How to Read Assembly Instructions: Mnemonics and Operands

Every instruction begins with a mnemonic that represents an operation. Following the mnemonic are the operands that will be operated on. These are typically destination and source operands, as seen below.




The ADD instruction (covered in the section below) adds R2 to R1 and puts the result in register R0 (see the previous article for an explanation of these denotations). This is the typical way to read an assembly instruction. Add R2 to R1 and put it (the result) in R0. The equivalent machine code that will execute on the processor is shown alongside the ADD instruction.

The 'Cond'  field contains '1110' for always execute. These bits come into play when using conditional suffixes appended to the ADD operation. The next field is unused and set to zero. The 'I' field is zero because 'Op2' is a register and not an immediate value. The 'S' field is zero because we did not append an S to the ADD operation, i.e., we don't want this instruction to update the status register flags (N, Z, C, and V, discussed above).

If you refer back to Figure 1, notice the opcode for addition. It's 0100b. This tells the processor to set the datapath for an ADD operation. The last three fields are R1 (0001b), R0 (0000b), and R2 ( ….0010b).


                   Cond    I OpCd S  Rn Rd Op2

ADD     R0,  R1, R2     @ 1110|00|0|0100|0|0001|0000|000000000010


The operands in an instruction are typically registers, but they can also be memory addresses or immediate values. An immediate value is an exact number to be used. These are prefixed with a # symbol. For instance, instead of using R2, above, we can use the immediate value 42. This instruction is shown below:


                  Cond    I OpCd S  Rn Rd Op2

ADDS     R4,    R6, #42    @ 1110|00|1|0100|1|0110|0100|000000101010


This instruction adds 42 to R6 and puts the result in R4. This time around 'I' is set to 1 because we are using an immediate value for operand 2. The opcode remains the same since we're still doing addition. Notice the 'S' field is 1; so we want this ADD operation to update our status register flags during execution.

The next instruction can use the 'Cond'  field to check the status flags and conditionally execute based on the result. 'Rn' is 0110b, representing R6, and 'Rd' is 0100b for R4. The immediate value in 'Op2' is the 12-bit binary representation of the number 42. The rest of this section lists a subset of the most basic ARM instructions, with a short description and example.
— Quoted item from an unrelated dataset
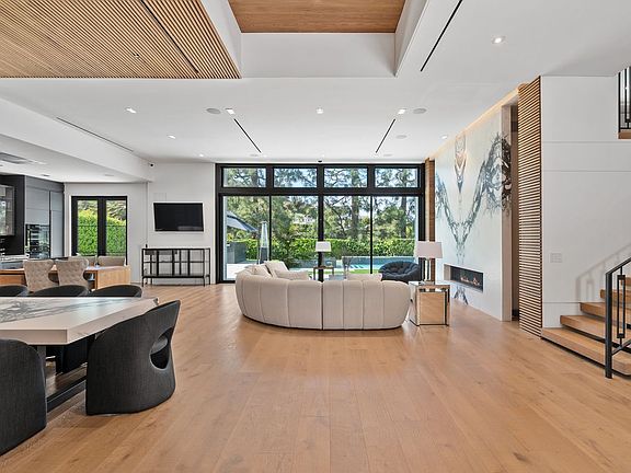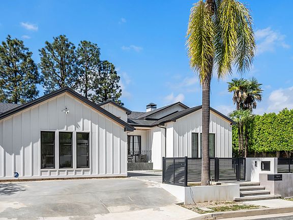 South of Sepulveda and Valley Meadow Remarks : Located in the prestigious Royal Woods neighborhood south of the Boulevard, this elegant two-level farmhouse in the Sherman Oaks hills was **totally rebuilt in 2023** and offers exceptional modern living and entertaining design. Spanning 11,545 sq ft of land, the 4,100 sq ft residence features 5bedrooms, 5.5 baths, and is fully furnished. A circular driveway welcomes you to the home, and a 2-car garage with direct access includes ample cabinetry for storage. Discover multiple indoor and outdoor living areas, highlighted by designer recessed lighting, custom woodwork, stone finishes, and a striking wood-and-iron staircase. The main level includes a stunning primary suite with backyard access, three additional en-suite bedrooms, a formal dining area, an open-concept kitchen, and a living room with wood flooring, built-ins, and large sliding doors seamlessly connecting to the backyard. The chef's kitchen is equipped with top-of-the-line Miele appliances, stone and wood islands, dual sinks and dishwashers, vertical windows, ambient LED lighting, and abundant cabinetry. The spa-inspired primary bath offers dual vanities, a soaking tub, and direct access to the serene outdoor space. Upstairs, enjoy a cozy TV lounge with a fireplace, office space, and balconies with panoramic mountain views. The backyard is an entertainer's dream featuring a heated pool, spa, shower, and built-in BBQ. Additional highlights include tankless water heaters and smart home technology. No detail was overlooked in this thoughtfully designed home. Owner pays for pool man

Instructions for Data Processing

The following instructions manipulate data. This can be arithmetic operations that perform math functions, comparison operations, or data movement.


Addition (ADD)

Addition (ADD) adds R2 to R1 and puts the result in R0. Addition with Carry (ADC) adds R2 to R1, along with the carry flag. This is used when dealing with numbers larger than a single 32 bit word.


    ADD R0, R1, R2

    ADC R0, R1, R2


Subtraction (SUB)

Subtraction (SUB) subtracts R2 from R1 and puts the result in R0. Subtraction with Carry (SBC) subtracts R2 from R1 and, if the carry flag is cleared, subtracts one from the result. This is equivalent to borrowing in arithmetic and ensures that multi-word subtraction works correctly.  


    SUB R0, R1, R2

    SBC R0, R1, R2


Compare (CMP) and Compare Negative (CMN)

Compare (CMP) and Compare Negative (CMN) compare two operands. CMP subtracts R1 from R0 and CMN adds R2 to R1, and then the status flags are updated according to the result of the addition or subtraction.


    CMP R0, R1

    CMN R1, R2


Move (MOV)

The Move (MOV) operation does exactly what it sounds like. It moves data from one place to another. Below, R1 is copied into R0. The second line puts the immediate value 8 into R0.


    MOV R0, R1

    MOV R0, #8


Move Negative (MVN)

Move negative (MVN) performs a similar operation, but complements (inverts) the data first. This is useful when performing operations with negative numbers, in particular with two's complement notation. The instruction below puts NOT 8, better known as –9, into R0. Add one to that result and you have performed the two's complement and obtained -8.     


    MVN R0, #8


AND performs the bitwise AND of R2 and R1 and puts the result in R0. An immediate value can be used instead of R2.


    AND R0, R1, R2



ORR and EOR perform the bitwise OR and XOR, respectively, of R2 and R1.


    ORR R0, R1, R2

    EOR R0, R1, R2


Bit Clear (BIC)

Bit Clear (BIC) performs a bitwise AND of R2 and R1, but first complements the bits in R2. This operation is often used with immediate values, as in the second line, where the immediate value, 0xFF, is inverted and subsequently ANDed with R1. ANDing eight zeros with the first byte of R1 will clear those bits, i.e., set them equal to zero, and the result will be put in R0.


    BIC R0, R1, R2

    BIC R0, R1, #0xFF


Test Bits (TST) and Test Equivalence (TEQ)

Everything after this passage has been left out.